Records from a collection

▼▼▼

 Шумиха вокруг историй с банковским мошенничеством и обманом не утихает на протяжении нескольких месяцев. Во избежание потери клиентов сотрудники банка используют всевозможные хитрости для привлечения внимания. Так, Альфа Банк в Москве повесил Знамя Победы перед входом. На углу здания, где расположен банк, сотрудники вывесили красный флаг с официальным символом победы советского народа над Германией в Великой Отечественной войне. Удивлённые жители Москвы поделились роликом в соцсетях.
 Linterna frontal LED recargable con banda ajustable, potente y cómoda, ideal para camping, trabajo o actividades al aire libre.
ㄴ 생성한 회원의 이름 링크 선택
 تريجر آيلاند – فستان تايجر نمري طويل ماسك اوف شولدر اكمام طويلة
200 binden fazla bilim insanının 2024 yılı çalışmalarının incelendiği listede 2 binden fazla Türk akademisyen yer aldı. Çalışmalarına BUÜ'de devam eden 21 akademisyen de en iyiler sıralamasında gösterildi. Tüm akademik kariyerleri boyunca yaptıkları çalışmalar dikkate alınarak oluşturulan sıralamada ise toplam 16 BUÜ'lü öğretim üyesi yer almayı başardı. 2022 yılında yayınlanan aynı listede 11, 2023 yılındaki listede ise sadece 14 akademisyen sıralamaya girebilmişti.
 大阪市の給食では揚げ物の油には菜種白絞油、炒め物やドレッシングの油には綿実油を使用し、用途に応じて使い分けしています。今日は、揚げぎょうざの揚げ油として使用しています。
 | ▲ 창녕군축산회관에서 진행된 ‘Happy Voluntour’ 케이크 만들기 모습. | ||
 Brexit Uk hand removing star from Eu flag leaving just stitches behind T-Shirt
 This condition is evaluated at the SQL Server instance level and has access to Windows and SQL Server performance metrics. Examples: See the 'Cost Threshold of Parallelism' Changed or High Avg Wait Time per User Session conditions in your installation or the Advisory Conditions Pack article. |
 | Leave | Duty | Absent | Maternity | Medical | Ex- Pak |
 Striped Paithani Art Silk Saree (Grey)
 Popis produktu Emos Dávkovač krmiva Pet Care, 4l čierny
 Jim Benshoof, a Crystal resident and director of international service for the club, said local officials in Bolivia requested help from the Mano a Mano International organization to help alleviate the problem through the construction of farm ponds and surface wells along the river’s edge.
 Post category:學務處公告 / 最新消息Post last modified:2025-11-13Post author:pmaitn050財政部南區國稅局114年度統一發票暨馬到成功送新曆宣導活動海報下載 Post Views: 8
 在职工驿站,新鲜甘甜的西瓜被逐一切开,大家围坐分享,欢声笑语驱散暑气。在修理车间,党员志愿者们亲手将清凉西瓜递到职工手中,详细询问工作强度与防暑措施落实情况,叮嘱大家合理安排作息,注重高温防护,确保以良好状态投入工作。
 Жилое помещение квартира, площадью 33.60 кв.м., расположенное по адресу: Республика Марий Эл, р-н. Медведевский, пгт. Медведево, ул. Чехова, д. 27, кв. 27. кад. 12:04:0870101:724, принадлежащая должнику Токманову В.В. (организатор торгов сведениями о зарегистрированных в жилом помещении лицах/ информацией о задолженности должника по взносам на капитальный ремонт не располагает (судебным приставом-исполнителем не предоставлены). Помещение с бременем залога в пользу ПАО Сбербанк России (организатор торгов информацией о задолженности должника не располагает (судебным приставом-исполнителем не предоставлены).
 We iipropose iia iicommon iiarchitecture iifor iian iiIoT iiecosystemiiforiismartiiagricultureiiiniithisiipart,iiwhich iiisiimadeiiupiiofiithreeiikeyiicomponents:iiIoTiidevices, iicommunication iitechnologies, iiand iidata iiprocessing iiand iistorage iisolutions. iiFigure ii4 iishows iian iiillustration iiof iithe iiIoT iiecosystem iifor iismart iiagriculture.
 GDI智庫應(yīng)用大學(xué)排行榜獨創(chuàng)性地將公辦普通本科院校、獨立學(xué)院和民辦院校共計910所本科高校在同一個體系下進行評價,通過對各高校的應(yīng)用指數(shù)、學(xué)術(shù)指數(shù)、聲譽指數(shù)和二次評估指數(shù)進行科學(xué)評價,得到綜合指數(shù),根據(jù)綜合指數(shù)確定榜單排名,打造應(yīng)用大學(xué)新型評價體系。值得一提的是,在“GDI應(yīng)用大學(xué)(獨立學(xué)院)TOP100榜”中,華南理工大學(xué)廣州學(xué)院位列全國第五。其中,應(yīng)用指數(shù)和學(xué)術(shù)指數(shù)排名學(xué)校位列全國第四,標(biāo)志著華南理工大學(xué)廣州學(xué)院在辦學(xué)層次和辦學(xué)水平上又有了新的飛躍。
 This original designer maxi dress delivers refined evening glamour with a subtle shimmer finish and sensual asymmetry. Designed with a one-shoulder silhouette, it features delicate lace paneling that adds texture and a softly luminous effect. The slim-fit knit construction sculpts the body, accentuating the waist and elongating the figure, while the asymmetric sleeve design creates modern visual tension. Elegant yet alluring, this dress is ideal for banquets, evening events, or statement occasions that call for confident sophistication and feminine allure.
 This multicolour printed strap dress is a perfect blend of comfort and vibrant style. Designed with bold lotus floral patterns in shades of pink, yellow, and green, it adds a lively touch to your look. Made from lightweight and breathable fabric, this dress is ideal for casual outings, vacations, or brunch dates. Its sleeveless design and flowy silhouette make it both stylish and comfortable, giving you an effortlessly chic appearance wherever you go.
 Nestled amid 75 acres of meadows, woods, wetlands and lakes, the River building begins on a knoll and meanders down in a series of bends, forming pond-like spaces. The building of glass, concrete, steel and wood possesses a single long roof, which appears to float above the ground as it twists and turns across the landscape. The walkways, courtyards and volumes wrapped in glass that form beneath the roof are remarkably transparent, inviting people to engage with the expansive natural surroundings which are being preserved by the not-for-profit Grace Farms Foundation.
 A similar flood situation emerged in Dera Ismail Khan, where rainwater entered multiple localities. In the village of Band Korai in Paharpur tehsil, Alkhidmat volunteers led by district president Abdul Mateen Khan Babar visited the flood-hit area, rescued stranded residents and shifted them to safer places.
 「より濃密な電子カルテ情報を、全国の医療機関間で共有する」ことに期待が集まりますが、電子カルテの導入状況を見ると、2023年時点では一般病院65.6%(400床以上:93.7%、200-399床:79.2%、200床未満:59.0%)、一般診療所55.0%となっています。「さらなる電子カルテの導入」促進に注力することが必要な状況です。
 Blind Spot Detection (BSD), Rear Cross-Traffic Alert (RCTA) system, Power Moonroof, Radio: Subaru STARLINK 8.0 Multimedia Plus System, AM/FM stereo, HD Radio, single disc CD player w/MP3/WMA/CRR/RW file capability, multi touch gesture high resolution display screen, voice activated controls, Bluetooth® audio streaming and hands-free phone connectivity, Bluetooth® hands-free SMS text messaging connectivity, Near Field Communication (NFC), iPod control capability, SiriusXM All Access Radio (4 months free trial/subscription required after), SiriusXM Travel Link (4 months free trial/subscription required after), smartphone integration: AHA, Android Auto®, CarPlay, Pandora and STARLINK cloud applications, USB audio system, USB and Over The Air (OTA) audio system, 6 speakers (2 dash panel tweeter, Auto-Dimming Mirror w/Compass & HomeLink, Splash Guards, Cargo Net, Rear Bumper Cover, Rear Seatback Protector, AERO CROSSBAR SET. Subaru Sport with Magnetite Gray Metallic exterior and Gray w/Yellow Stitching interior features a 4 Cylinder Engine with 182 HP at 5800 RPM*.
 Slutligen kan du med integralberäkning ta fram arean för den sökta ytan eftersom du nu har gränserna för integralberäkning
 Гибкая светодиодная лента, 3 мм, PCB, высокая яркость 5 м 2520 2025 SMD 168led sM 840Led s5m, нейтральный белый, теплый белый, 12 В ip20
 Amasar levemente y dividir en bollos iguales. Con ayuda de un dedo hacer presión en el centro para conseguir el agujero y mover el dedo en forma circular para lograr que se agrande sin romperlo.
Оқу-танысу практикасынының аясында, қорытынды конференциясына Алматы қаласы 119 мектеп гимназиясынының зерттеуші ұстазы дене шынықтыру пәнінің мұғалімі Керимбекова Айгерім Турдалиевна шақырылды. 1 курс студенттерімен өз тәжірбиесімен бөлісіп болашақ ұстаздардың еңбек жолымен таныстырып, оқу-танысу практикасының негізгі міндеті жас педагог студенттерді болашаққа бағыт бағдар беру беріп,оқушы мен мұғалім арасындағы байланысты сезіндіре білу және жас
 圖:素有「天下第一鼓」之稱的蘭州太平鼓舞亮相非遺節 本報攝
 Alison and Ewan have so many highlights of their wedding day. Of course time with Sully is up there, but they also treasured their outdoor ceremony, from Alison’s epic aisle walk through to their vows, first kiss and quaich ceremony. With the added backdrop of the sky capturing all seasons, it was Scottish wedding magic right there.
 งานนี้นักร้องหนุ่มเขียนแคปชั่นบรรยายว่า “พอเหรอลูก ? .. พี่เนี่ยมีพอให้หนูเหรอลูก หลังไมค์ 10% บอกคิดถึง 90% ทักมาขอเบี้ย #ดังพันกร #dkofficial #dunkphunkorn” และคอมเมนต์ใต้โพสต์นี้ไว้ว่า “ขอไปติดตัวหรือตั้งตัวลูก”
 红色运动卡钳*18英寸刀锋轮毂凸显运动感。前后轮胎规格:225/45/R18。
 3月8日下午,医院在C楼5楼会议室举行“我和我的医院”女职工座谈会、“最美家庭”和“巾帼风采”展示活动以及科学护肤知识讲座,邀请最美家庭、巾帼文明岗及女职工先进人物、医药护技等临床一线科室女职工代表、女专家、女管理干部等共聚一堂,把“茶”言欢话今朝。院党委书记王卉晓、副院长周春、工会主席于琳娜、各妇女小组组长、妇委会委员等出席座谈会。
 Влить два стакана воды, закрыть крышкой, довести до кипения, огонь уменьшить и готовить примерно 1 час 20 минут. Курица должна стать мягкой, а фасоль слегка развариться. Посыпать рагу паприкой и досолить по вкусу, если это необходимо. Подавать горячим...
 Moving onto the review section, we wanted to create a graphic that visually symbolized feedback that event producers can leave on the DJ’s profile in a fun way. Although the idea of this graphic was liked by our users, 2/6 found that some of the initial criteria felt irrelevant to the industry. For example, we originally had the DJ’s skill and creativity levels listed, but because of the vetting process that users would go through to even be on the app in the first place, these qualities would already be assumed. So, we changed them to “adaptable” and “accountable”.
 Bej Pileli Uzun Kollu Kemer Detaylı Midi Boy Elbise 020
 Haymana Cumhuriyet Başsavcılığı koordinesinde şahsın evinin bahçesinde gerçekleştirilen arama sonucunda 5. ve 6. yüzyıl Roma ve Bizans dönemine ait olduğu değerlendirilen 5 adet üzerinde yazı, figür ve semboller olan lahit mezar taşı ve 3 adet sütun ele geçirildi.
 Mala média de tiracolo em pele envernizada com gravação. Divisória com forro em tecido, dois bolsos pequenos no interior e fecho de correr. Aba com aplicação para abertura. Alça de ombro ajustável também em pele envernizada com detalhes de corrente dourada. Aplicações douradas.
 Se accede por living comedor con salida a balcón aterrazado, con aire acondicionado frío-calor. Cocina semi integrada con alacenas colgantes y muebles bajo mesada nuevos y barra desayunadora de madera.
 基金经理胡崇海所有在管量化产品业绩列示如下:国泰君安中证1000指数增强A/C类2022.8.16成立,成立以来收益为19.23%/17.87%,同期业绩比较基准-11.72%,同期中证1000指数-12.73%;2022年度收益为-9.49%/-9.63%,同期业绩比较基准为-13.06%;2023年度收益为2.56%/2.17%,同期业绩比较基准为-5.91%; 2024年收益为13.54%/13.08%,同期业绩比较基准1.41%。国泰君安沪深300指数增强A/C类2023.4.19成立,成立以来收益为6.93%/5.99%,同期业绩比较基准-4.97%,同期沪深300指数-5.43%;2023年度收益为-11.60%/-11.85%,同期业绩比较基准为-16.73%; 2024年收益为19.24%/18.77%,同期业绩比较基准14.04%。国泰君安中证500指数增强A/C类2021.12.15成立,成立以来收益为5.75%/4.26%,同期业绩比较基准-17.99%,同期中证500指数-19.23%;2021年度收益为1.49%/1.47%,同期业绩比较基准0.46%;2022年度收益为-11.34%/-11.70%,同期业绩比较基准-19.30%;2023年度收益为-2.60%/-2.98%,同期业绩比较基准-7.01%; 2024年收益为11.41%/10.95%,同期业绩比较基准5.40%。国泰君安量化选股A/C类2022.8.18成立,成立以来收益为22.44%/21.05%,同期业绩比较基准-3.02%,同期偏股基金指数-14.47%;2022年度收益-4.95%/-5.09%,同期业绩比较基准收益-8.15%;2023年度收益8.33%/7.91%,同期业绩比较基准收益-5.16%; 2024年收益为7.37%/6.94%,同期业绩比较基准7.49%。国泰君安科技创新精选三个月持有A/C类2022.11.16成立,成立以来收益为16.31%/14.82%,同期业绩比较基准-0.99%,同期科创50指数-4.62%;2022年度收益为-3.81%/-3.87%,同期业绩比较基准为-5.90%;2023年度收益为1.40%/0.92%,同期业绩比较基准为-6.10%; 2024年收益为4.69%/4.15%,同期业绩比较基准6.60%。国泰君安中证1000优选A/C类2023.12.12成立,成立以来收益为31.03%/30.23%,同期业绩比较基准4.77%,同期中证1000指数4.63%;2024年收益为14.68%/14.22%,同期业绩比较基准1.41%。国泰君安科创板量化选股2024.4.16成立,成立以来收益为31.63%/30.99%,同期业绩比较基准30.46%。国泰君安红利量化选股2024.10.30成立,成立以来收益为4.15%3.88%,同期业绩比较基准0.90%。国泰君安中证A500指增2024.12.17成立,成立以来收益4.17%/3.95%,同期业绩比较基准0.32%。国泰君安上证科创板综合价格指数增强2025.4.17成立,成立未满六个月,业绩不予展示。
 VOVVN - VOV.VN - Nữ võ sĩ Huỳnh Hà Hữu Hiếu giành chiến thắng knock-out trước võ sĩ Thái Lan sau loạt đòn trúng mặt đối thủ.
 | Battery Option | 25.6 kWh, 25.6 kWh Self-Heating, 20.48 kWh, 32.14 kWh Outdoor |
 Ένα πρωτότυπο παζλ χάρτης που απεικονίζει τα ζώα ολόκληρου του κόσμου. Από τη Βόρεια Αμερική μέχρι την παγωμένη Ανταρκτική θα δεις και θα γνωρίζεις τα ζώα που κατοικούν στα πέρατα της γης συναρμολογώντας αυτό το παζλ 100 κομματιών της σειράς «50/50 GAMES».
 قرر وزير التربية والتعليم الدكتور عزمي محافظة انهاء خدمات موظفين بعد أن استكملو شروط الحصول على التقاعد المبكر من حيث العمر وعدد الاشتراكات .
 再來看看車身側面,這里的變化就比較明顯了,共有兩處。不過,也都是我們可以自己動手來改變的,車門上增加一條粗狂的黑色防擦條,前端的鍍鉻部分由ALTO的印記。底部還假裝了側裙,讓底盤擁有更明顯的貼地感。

▲▲▲

Your assignment
All that should be written out is the stretch of lines above between the one holding "Jim Benshoof, a" and the one holding "Post category:學務處公告 /", inclusive, exactly as given.

Output for this exercise
 Jim Benshoof, a Crystal resident and director of international service for the club, said local officials in Bolivia requested help from the Mano a Mano International organization to help alleviate the problem through the construction of farm ponds and surface wells along the river’s edge.
 Post category:學務處公告 / 最新消息Post last modified:2025-11-13Post author:pmaitn050財政部南區國稅局114年度統一發票暨馬到成功送新曆宣導活動海報下載 Post Views: 8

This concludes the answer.